Bir önceki günün verdiği ağır yorgunluğu, az önce uyandığım uyku ile üzerimden atmıştım. Telefonum çaldı. Arayan kişinin BBC Türkçe Servisi'nden bir arkadaş olduğunu telefona cevap verdikten sonra anladım.
Önce hakkımda açılan 301 ve diğer soruşturmalarla ilgili arıyor olabileceğini düşündüm.
Oysaki telefondaki ses bana Şemdinli Davası'nın üçüncü duruşmasının zamanı geldiğini söylüyor ve davanın akıbetini soruyordu.

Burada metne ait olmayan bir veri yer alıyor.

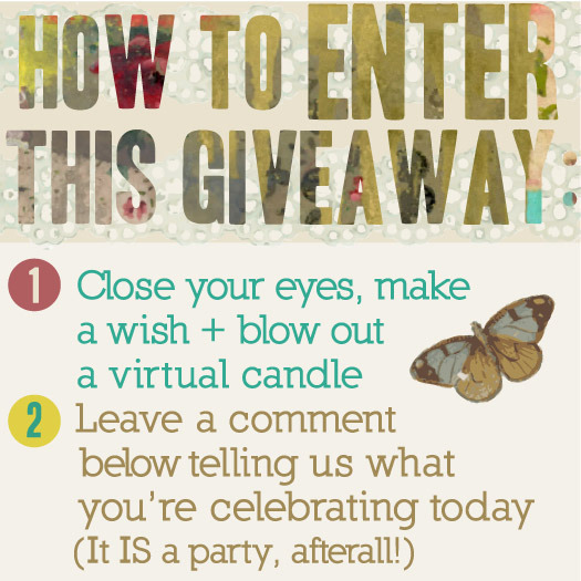 HOW THIS WORKS: Read through all that is being given away (major goodness). Then simply leave a comment at the end of this post to enter the drawing (32 winners!). Tell us what you're celebrating (it is a party, after all!). Please enter just one comment. Comments will be closed Friday morning. We'll randomly select the 32 winners and announce them Friday afternoon.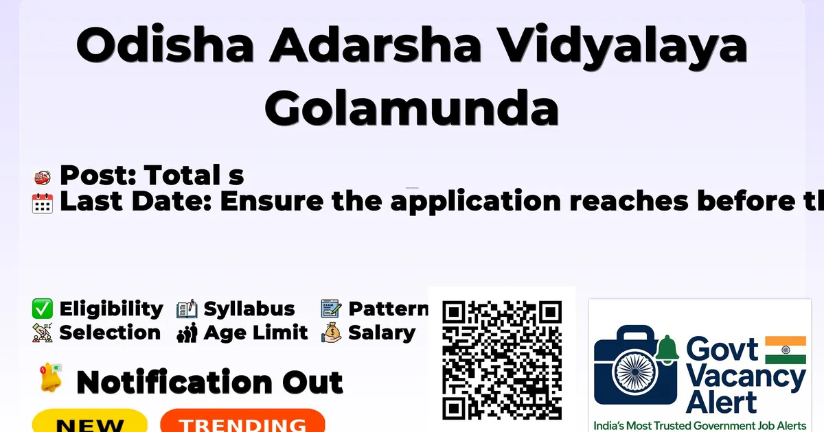Odisha Adarsha Vidyalaya Golamunda (OAV Golamunda) has released an official notification for the recruitment of 01 Cook Assistant Posts. Interested and eligible candidates can apply Offline through the official OAV Golamunda website. The last date to submit the application form is 25-02-2026. In this article, you’ll find the OAV Golamunda Cook Assistant Posts recruitment details, including eligibility criteria, age limit, salary structure, selection process, application steps, and direct links to the official notification and Offline application form.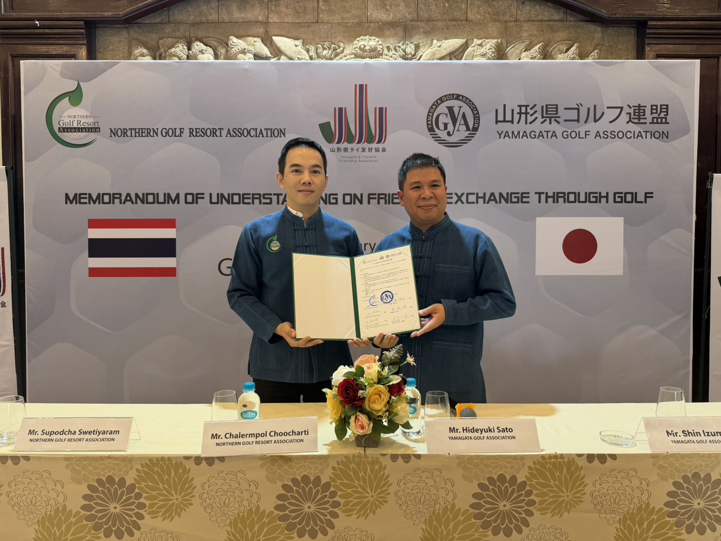 ภายในพิธีมี นายเฉลิมพล ชูชาติ นายกสมาคมกอล์ฟรีสอร์ทภาคเหนือ พร้อมด้วย นายสุพชฌาย์ เสวตไอยาราม อุปนายกสมาคมกอล์ฟรีสอร์ทภาคเหนือ และ สมาคมกอล์ฟยามากาตะ แห่ง จังหวัดยามากาตะ ประเทศญี่ปุ่น ซึ่งนำโดย Mr.Hideyuki Sato ประธานของ Yamagata Golf Federation พร้อมด้วย Mr.Izumiya Shin รองประธาน Yamagata Golf Federation และ Mr.Masahiko Matsuta จาก สมาคมมิตรภาพไทย-ยามากาตะ ได้ร่วมลงนามบันทึกความเข้าใจ ระหว่าง สมาคมกอล์ฟรีสอร์ทภาคเหนือ และ สมาคมกอล์ฟยามากาตะ แห่ง จังหวัดยามากาตะ ประเทศญี่ปุ่น โดยมีวัตถุประสงค์ในการส่งเสริมความร่วมมือด้านการท่องเที่ยวเชิงกอล์ฟ ร่วมกันพัฒนาและส่งเสริมการท่องเที่ยวกอล์ฟระหว่างภาคเหนือของประเทศไทยและจังหวัดยามากาตะ อันจะก่อให้เกิดการเพิ่มจำนวนนักกอล์ฟและนักท่องเที่ยวระหว่างสองประเทศ รวมถึงการแลกเปลี่ยนองค์ความรู้และประสบการณ์ และสนับสนุนการแลกเปลี่ยนข้อมูล ความรู้ เทคโนโลยี และแนวปฏิบัติที่ดีด้านการบริหารจัดการสนามกอล์ฟ รีสอร์ท และการจัดการแข่งขันกอล์ฟ

Ne gariptir ki, birden kendimi konunun çok dışında hissettim. Olayın aydınlığa kavuşması umuduyla koşuşturduğumuz yıllar ve yaptığım yüzlerce haber birdenbire silinmişti sanki…
Ne acı değil mi?
Zorlandım biraz, çünkü voleybol topu gibi oradan oraya fırlatılan dava kafaları zorluyordu artık. Davanın hangi aşamada olduğunu unutmuştum. O kadar şey gelişti ki o olaydan sonra, o kadar dava açıldı ki…
2005 yılının Kasım ayında meydana gelen bu olay o dönemlerde "dönüm noktası" olarak nitelendiriliyordu bazı kesimlerce. Dönüm noktası oldu belki de ama çok farklı dönemeçlerden geçti dava süreci.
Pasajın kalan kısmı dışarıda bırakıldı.